What is a Zero-Based Budget + How I Found $10k
Budgeting is about having a plan for your money, whether for bills, traveling, or saving. To put it into perspective, I identified where I SPENT my money versus where I PLAN to spend money.
What is a Zero-Based Budget
A zero-based budget is a budgeting method where a person takes their monthly household income minus every expense to make the difference equal to zero dollars.
This method doesn’t mean that a person needs to spend their entire income. Instead, it means giving every dollar a plan, whether that means spending it on bills, saving up for a trip, or using to invest in retirement.
Every dollar has a purpose!
For example, imagine a person with a monthly household income of $2,000. Below is a breakdown of their expenses: – Bills (i.e. rent, utilities, insurance): $1,000 – Groceries: $300 – Shopping: $100 – Dining: $100 – Vacation Fund: $200 – College Fund: $200 – Savings: $100
The total of their monthly expenses is $2,000. Subtract that amount from their income, and it equals zero!
Notice how expenses don’t necessarily mean bills.
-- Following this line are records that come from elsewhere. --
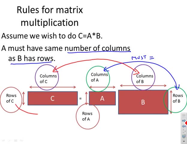 Gives the definition of matrix multiplication. This is done in two ways. The first is a number of illustrations using real numbers and the second is a formal...
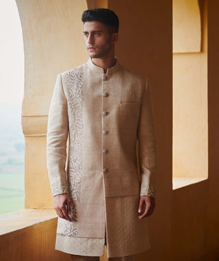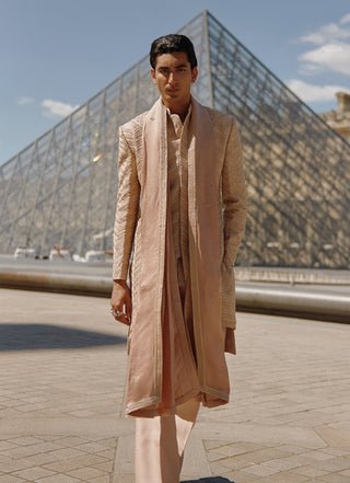 For a destination wedding, an Indian groom can opt for a lighter sherwani, kurta set, or bandhgala suit, choosing breathable fabrics like linen or cotton for comfort in warm, coastal environments.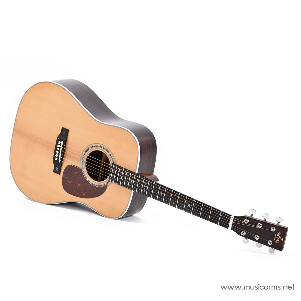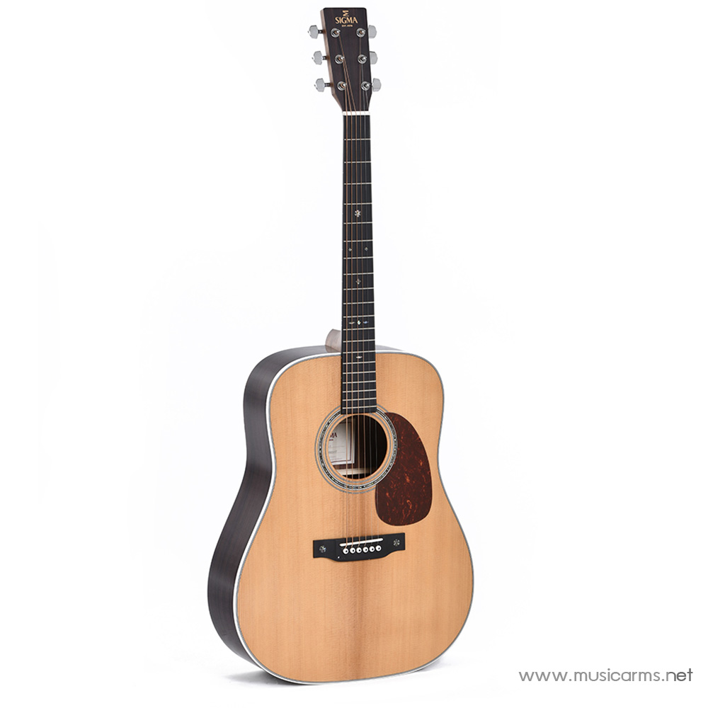 Sigma DT-1 กีตาร์โปร่งรูปทรง “dreadnought” อันเป็นเอกลักษณ์ จึงเหมาะสำหรับสถานการณ์ทางดนตรีส่วนใหญ่ การออกแบบเรียบง่ายแต่ดูดีมีเอกลักษณ์ บอดี้ไม้หน้าท็อปโซลิดซิทกาสปรูซ โดดเด่นด้วยด้านหลังและด้านข้างของ Tilia ให้โทนเสียงที่สมดุลพร้อมเสียงต่ำที่ยอดเยี่ยม คอไม้มะฮอกกานี ฟิงเกอร์บอร์ดและบริดจ์มิคาร์ตา งานประกอบทำออกมาได้ดี อะไหล่ทุกส่วนคุ้มค่า บอดี้เคลือบแบบ High Gloss สวยงามดูแลรักษาง่าย เหมาะสำหรับมือกีตาร์ทุกระดับ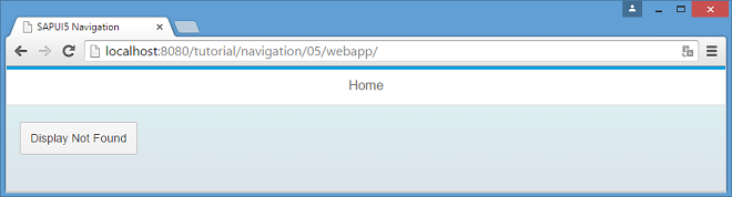 </mvc:View>We start by changing the Button control from the home view. When the button is pressed the onDisplayNotFound handler is called.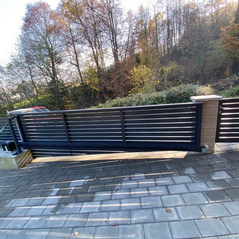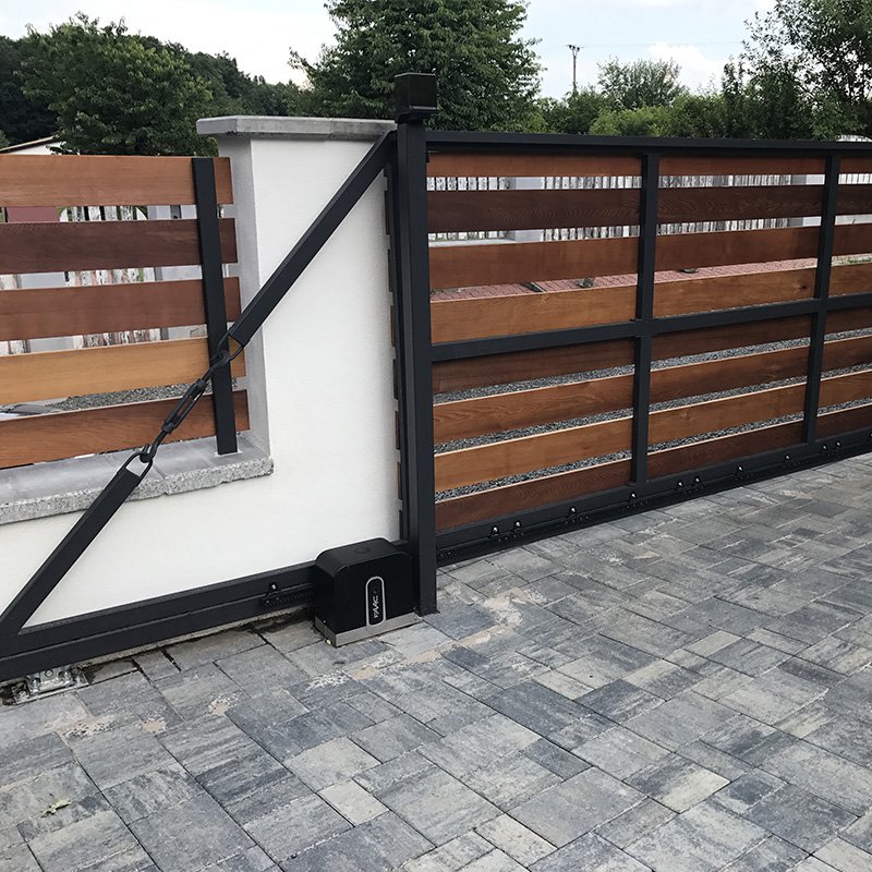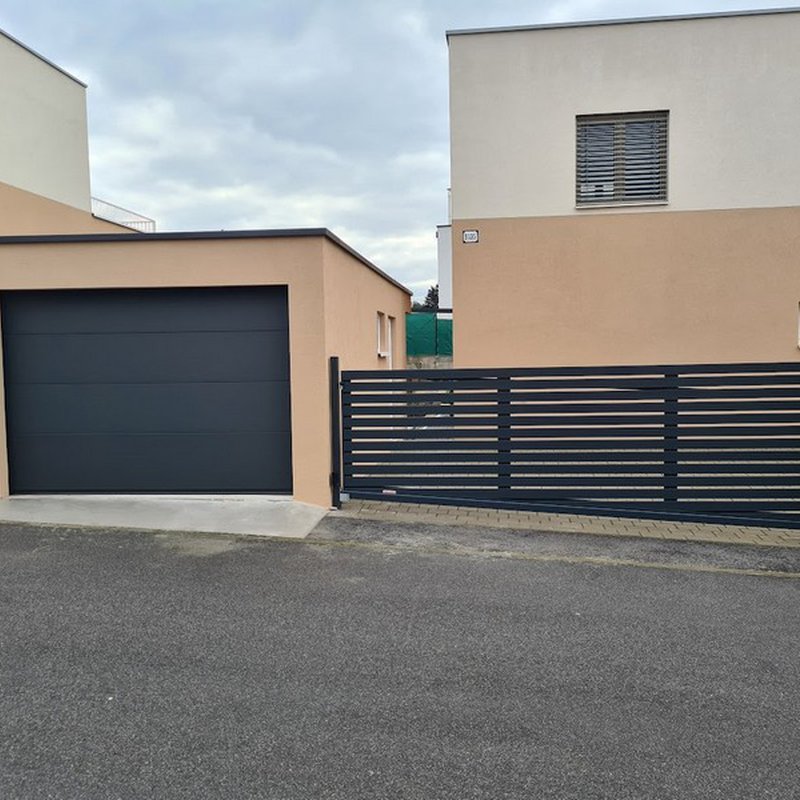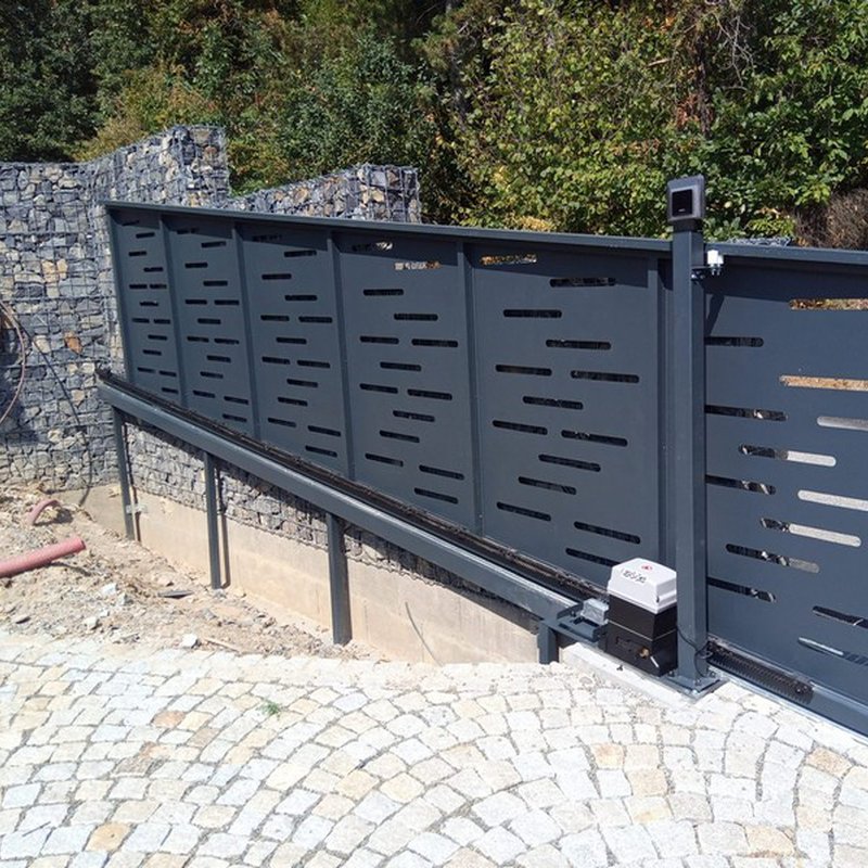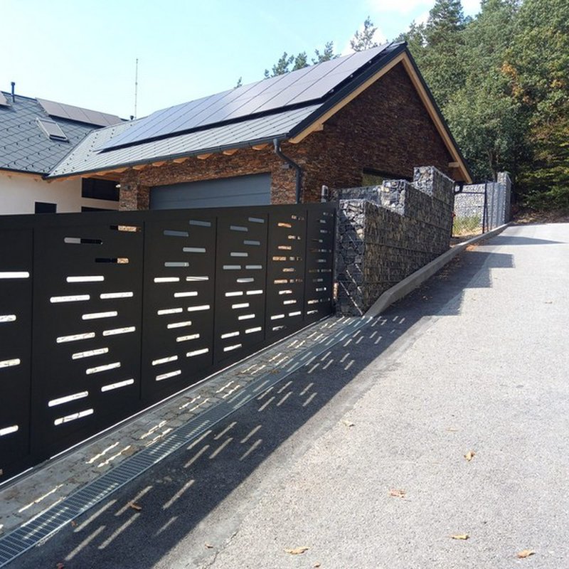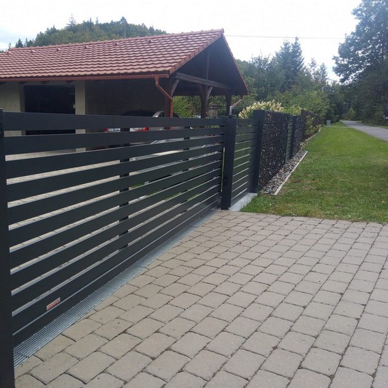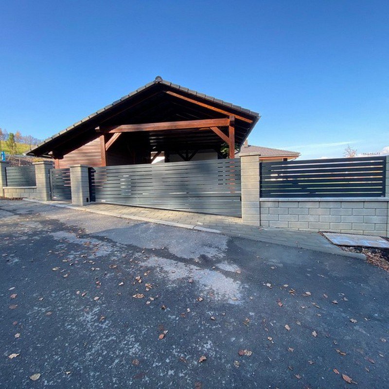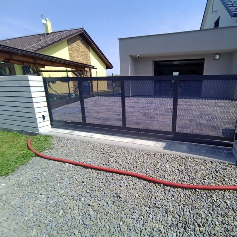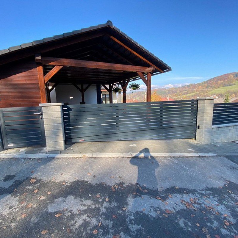 Samonosné posuvné brány jsou zavěšeny nad zemí a otevírají se do strany podél oplocení. Nezúží se tak průjezdní prostor.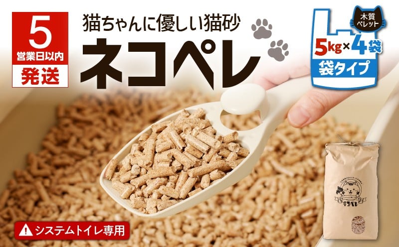 【猫砂 ネコペレ 5kg×4袋】木質ペレット 袋タイプ T008-005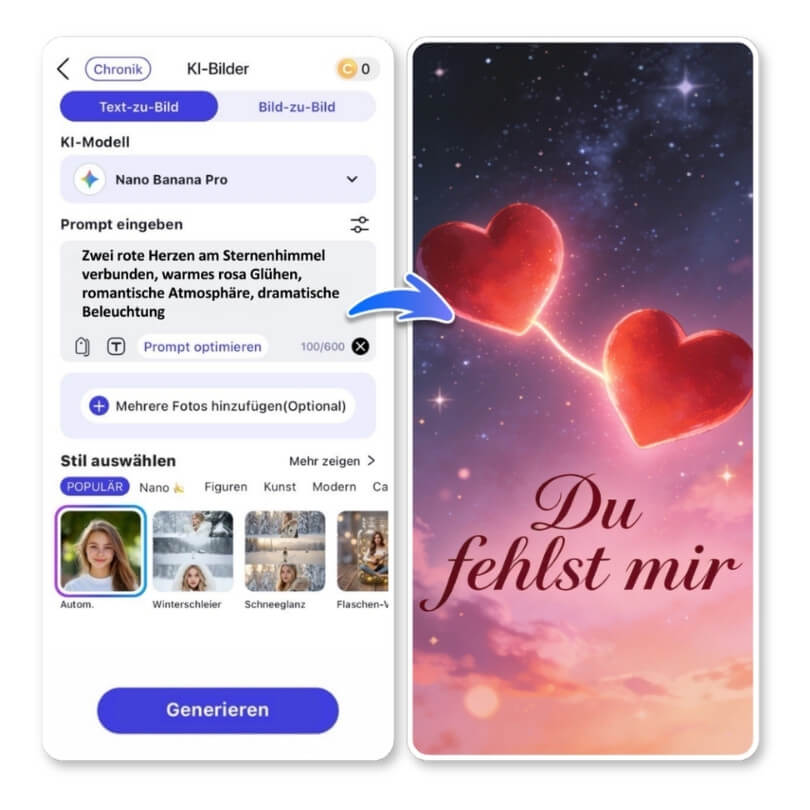 Beispiel-Prompt: "Zwei rote Herzen am Sternenhimmel verbunden, warmes rosa Glühen, romantische Atmosphäre, dramatische Beleuchtung"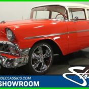 The mark of a true craftsman is how invisible he can make his work, and nowhere is that more evident than on this 1956 Chevy Bel Air. Despite its extensive mods the car remains instantly recognizable, and given the quality of the workmanship, you won't find many other shoebox Chevys that can stand next to it. At first glance, this car still looks like a '56 Chevy, right? Get a little closer, however, and you start to notice a lot of little tweaks, because there's not a single part on this car that hasn't been massaged, tweaked, and customized to make it one of the most spectacular machines we've ever featured. It's just gorgeous from any angle. The changes are seamless and work well with the other details like the shaved hood ornament and smooth deck lid, both of which kept the stylized 'V' emblem to emphasize the V8 power inside. Check out the way the bumpers tuck in ultra-close to the body and the beautifully rendered trim that looks simple but completely defines the car. The gorgeous gold over butterscotch paint job is subtle, sophisticated, and elegant and will never go out of style, making this a car that grabs your attention not by shouting, but rather by whispering to you in the most seductive voice possible. Paint and bodywork are just amazing and while we don't like to mention the word "perfect" around our showrooms, this car gets pretty darned close. Someone spent a ton of cash to make this car look so special. If you thought they'd phone it in on the interior, guess again. Featuring beautiful custom buckets, it's got a few traditional touches but a modern sensibility. Materials are top quality throughout and they were careful to make the door panels look like the originals. A custom center console houses a set of cup holders and auxiliary gauges that match those in the dash, and they're elegantly color-keyed to the rest of the car. The custom steering wheel looks a lot like the stock 1956 Chevy unit but has been painted bronze and gold to match the overall theme. Beautifully bound carpets feel plush and luxurious and it's been filled with all the luxury items from powerful A/C to power windows that glide up and down with a touch of the original handles to a powerful AM/FM/CD stereo system. It's clean, sleek, and very well finished so that you can't see where the stock stuff ends and the custom work begins, which is always the mark of a professional at work. Even the trunk is finished in such a way as to make you wonder if that's how they did it in 1956. Small block Chevy power is a given, with this car packing a modern tech LS2 V8 with fuel injection and all the modern upgrades. Custom engine covers painted to match the body make the LS powerplant look like it was born there, and with custom sheetmetal work throughout, the engine becomes a piece of art on a background rather than just a machine. Hidden plumbing and wiring keep it clean and many of the metal bits were painted to match the car rather than simply chromed. Other upgrades include a 4L60E 4-speed automatic transmission, power rack-and-pinion steering, 4-wheel vented and cross-drilled disc brakes, a custom stainless steel exhaust system with Magnaflow mufflers, and an A-arm suspension that's been lowered enough to give it that aggressive look. The underside is as detailed as the rest of the car, with body-colored frame, suspension, and brake components. The rear axle hangs on a 4-link suspension and the rolling stock is perfect, with 245/50/18s up front and 305/35/20s out back that really fill the fenders. Skillfully blending restoration and custom work isn't easy, but this awesome Bel Air delivers in every regard. We've never seen better and we're betting you haven't either. Call today!

Instead, these expenses also include goals, such as saving up for a vacation and a college fund.
Why Do Budgets Fail?
With budgeting, it’s also essential to set realistic expectations. There should be a limit on how much a person spends in a particular category. However, when starting, the budget shouldn’t be too restrictive.
Why is a Zero-Based Budget The Best Method
50/30/20 Rule Budget This budgeting method is implemented by dividing up one’s income into three categories: 1) Needs, 2) Wants, and 3) Savings.
This method is also known as “proportional budgeting.” Proportional budgeting is assigning a percentage of one’s income to one of those categories. The most well-known proportion is 50% for needs, 30% for wants, and 20% for savings.